INPUT MATERIAL:
[Start of Attachment]

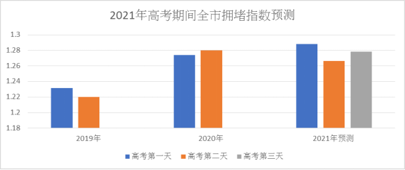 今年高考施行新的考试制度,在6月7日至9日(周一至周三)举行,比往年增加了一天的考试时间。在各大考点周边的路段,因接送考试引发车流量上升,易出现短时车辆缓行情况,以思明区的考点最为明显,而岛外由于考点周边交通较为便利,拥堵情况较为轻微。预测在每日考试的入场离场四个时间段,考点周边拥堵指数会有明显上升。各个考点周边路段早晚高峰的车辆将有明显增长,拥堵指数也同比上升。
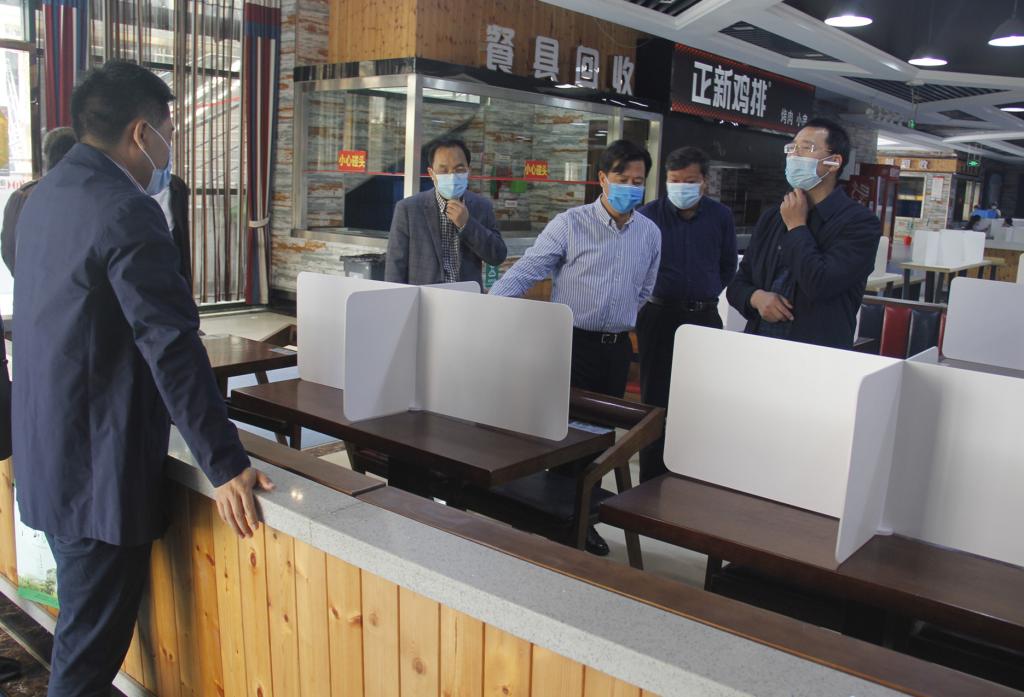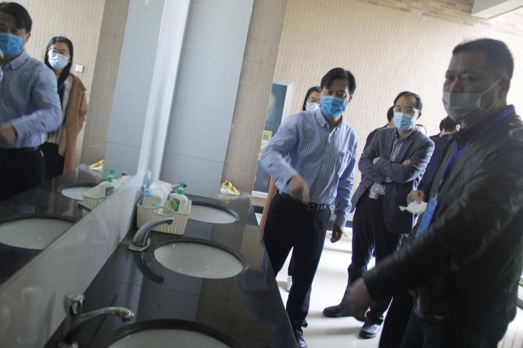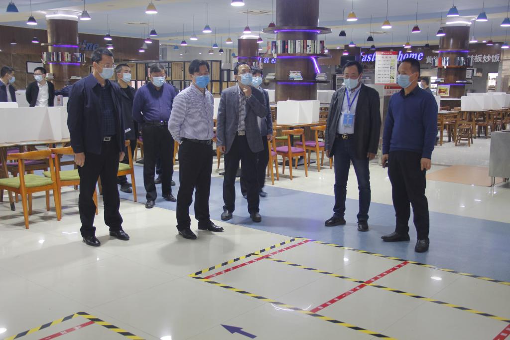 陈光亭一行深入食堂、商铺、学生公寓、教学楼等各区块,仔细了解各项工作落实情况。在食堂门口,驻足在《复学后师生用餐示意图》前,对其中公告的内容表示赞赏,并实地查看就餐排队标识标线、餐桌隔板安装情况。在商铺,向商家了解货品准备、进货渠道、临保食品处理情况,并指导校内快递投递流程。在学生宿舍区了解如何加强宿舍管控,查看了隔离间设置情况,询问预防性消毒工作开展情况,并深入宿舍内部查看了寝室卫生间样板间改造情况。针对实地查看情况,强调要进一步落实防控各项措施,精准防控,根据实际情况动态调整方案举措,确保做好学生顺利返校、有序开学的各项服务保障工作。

[End of Attachment]
[Start of Attachment]

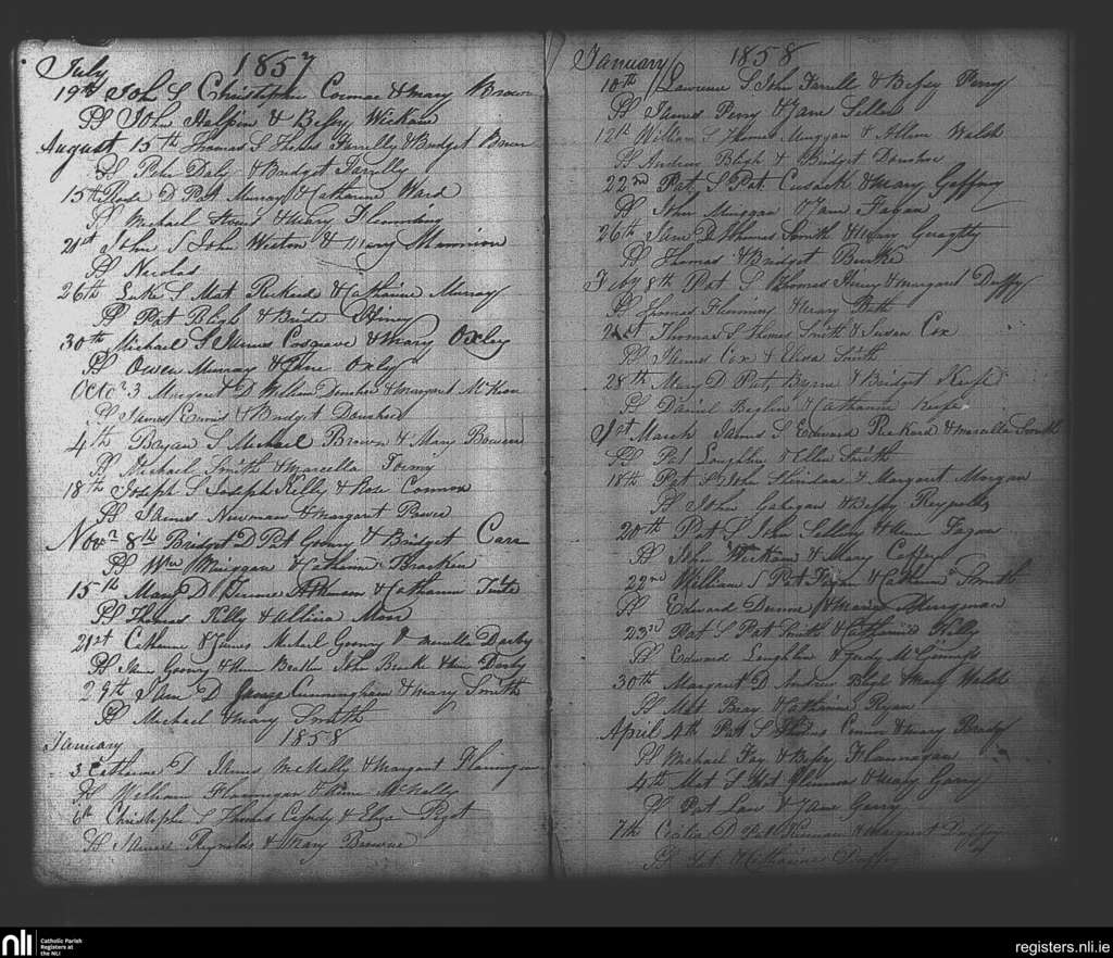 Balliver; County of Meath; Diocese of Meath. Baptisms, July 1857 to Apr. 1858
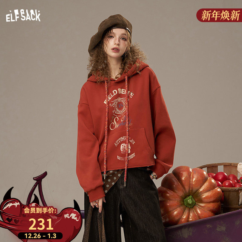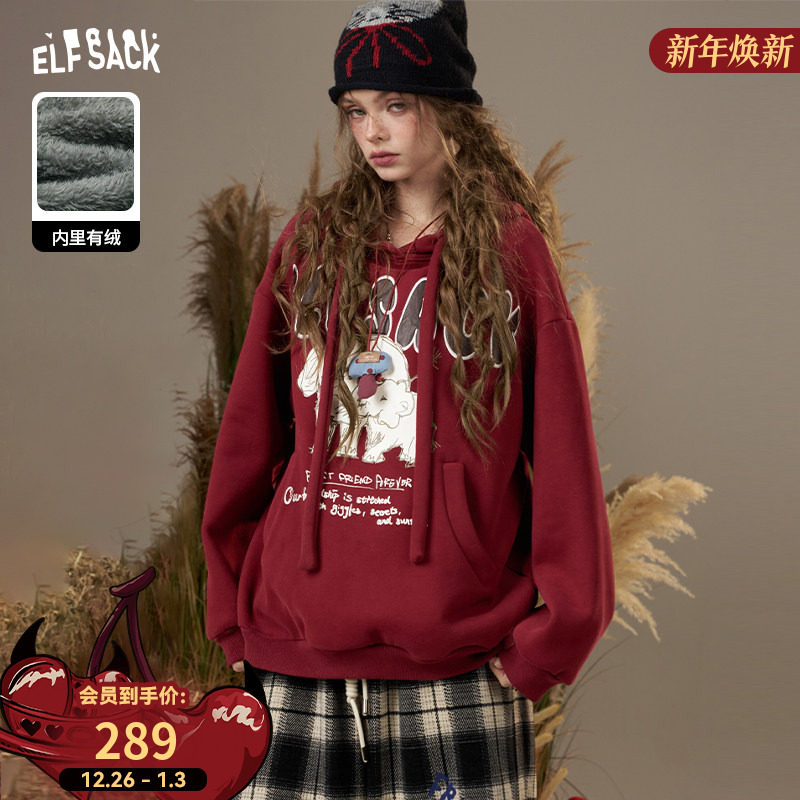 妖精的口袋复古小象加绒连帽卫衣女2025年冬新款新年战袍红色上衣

[End of Attachment]
[Start of Attachment]

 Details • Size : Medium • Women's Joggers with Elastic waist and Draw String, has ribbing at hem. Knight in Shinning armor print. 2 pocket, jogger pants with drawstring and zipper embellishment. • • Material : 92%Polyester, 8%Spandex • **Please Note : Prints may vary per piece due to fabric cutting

[End of Attachment]

TASK TO CARRY OUT: Look above for the line containing "Balliver; County of" and the line containing "妖精的口袋复古小象加绒连帽卫衣女2025年冬新款新年战袍红色上衣", then reproduce both and everything between them exactly, pictures omitted.

FINAL ANSWER:
 Balliver; County of Meath; Diocese of Meath. Baptisms, July 1857 to Apr. 1858
 妖精的口袋复古小象加绒连帽卫衣女2025年冬新款新年战袍红色上衣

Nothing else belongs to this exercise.